Конница наполовину из ополченцев, или по-польски "рухавка"… И среди пехоты почти две трети нового состава вооружены одними косами, против русских, снабженных хорошими ружьями.

И хотя численность силы противников почти равны, перевес слишком на стороне осаждающих. Особенно сильна артиллерия у последних — до 350 орудий.

Теснее и теснее сжимается железное кольцо…

А там, на просторе литовских полей и в глуши волынских лесов, уже закончена борьба… Генерал Рыбинский с отрядами перешел прусскую границу и сложил оружие… То же сделал генерал Хлаповский, все время как будто щадивший и своих людей, и русские батальоны… Громко прозвучал выстрел поручика Скульского, когда он 13 июля убил из пистолета генерала Гелгуда, стоящего среди всего штаба на русской территории, куда увел этот генерал свой отряд…

— Изменнику смерть! — крикнул только этот самочинный судья-юноша.

И выстрел, и крик этот разнесся по всей Польше, особенно отдался в Варшаве, где давно ходили толки про измену главных вождей армии.

Позван был даже на суд главнокомандующий, генерал Скшинецкий.

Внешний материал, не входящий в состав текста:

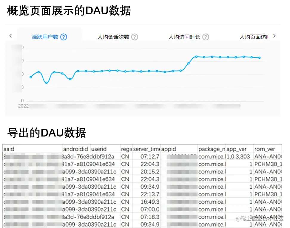 首先通过后台查询,某客户某天的DAU数据为252xxx,导出的数据中按UserID去重后的DAU为192xxx,占比76.3%,有23.7%的差距。

26 июля собралась комиссия из пяти членов правления, из одиннадцати членов сейма, пополненная министром военным Моравским, начальником артиллерии полковником Бомом и генералами Томасом Любеньским, Малаховским, Хшановским, Раморино, Прондзиньским, Серавским, Бонтан, Венгерским, Богуславским, Колачковским.

Но генералам не позволил говорить обвиняемый, который держал себя скорее, как обвинитель… Комедия суда кончилась тем, что перешла к обсуждению дальнейших планов обороны.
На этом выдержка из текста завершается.